Re: msvcrt printf bug

KHMan
In reply to this post by Emanuel Falkenauer
On 1/20/2017 12:07 PM, Emanuel Falkenauer wrote:

> Hi KHMan,
>
> Thank you for your well documented explanation - it shows how it could
> be that my "stubbornness" is actually grounded in reality. :-)  Gosh,
> good Lord I never even knew about -Ofast! :-D
> And I guess kudos also to the IEEE: these "standards bodies" are often
> seen as stifling creativity, but in this case they're just invaluable:
> I'd hate our clients reporting different results just because they'd be
> running on AMDs!
>
> All the best,
>
> Emanuel
>
> P.S. Your "(a+b != b+a) for floating point" example is excellent: that's
> indeed the kind of "gymnastics" we often do to manage the floats'
> inherent IMprecision.

My memory failed me and I think I should correct the above. IIRC I
tripped on a+(b+c) != (a+b)+c. I remembered well that I blundered,
but did not recall correctly what I blundered on... It popped out
of my slow neurons about an hour after I posted -- fast memory
retrieval is not reliable. I'm not sure though what the IEEE
standards say about a+b and b+a equivalence, if any.

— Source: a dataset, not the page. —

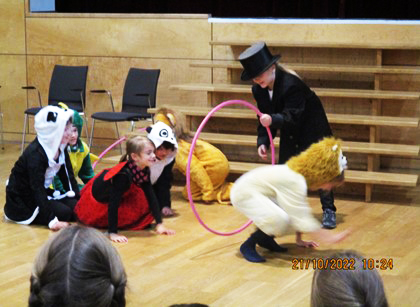 Aber auch schweigende Momente gab es mit Hilfe der Pantomime zu sehen. In jeder der Darbietungen war die Zahl 10 versteckt. So z.B. wurde 10-mal mit dem Seil gesprungen oder es gab 10 Reifen.

In any case, Agner Fog is a much better point of reference for
these sort of things...

> On 20-Jan-17 04:34, KHMan wrote:
>> On 1/20/2017 9:53 AM, Emanuel Falkenauer wrote:
>>> On 19-Jan-17 12:35, Peter Rockett wrote:
>>> [snip snip]
>>>> I think everybody (apart maybe from the OP) agrees how floating point
>>>> numbers behave. Keith makes a good point about rounding. Can I toss in
>>>> another feature that changing the compiler optimisation level often
>>>> reorders instructions meaning that rounding errors accumulate in
>>>> different ways. So changing the optimisation level often slightly
>>>> changes the numerical answers. :-\
>>> I agree that it could well (or even should?) be the case... but it's not
>>> in my case - to my own pleasant surprise.
>>>
>>> I can build with -O3 to get the most juice for releases, or with -O0 to
>>> debug... my logs are still the same (spare for actual bugs). I even
>>> compile with -mtune=native -march=native -mpopcnt -mmmx -mssse3 -msse4.2
>>> (native: I'm on Xeons), although I doubt very much the Borland compiler
>>> knows anything about those optimizations... and yet the latter's logs
>>> are still identical to MinGW's.
>>> Honestly it beats me as well... but I'm sure glad it's the case! :-)
>> Since nobody has filled this in...
>>
>> In the past it has been pointed out to me that gcc by default
>> respects the possibility that (a+b != b+a) for floating point, so
>> it does not attempt those kinds of reordering. So one ought to get
>> consistent results from the FPU.
>>
>> By default -O[0123s] is still math-strict [1]. -Ofast, a host of
>> other math options and some CPU-specific options break strictness
>> for more speed. If -O[0123s] misbehaves, I guess it should be
>> investigated as a potential bug.
>>
>> Agner Fog's manual 1, section 8 [2] gives a table of optimizations
>> performed, including floating point optimizations and many
>> compilers including gcc and Borland. So it is likely that gcc did
>> all optimizations while being math-strict.
>>
>> [1] https://gcc.gnu.org/onlinedocs/gcc/Optimize-Options.html
>> [2] http://www.agner.org/optimize/
>>


--
Cheers,
Kein-Hong Man (esq.)
Selangor, Malaysia


------------------------------------------------------------------------------
Check out the vibrant tech community on one of the world's most
engaging tech sites, SlashDot.org! http://sdm.link/slashdot
_______________________________________________
MinGW-users mailing list
[hidden email]

This list observes the Etiquette found at
http://www.mingw.org/Mailing_Lists.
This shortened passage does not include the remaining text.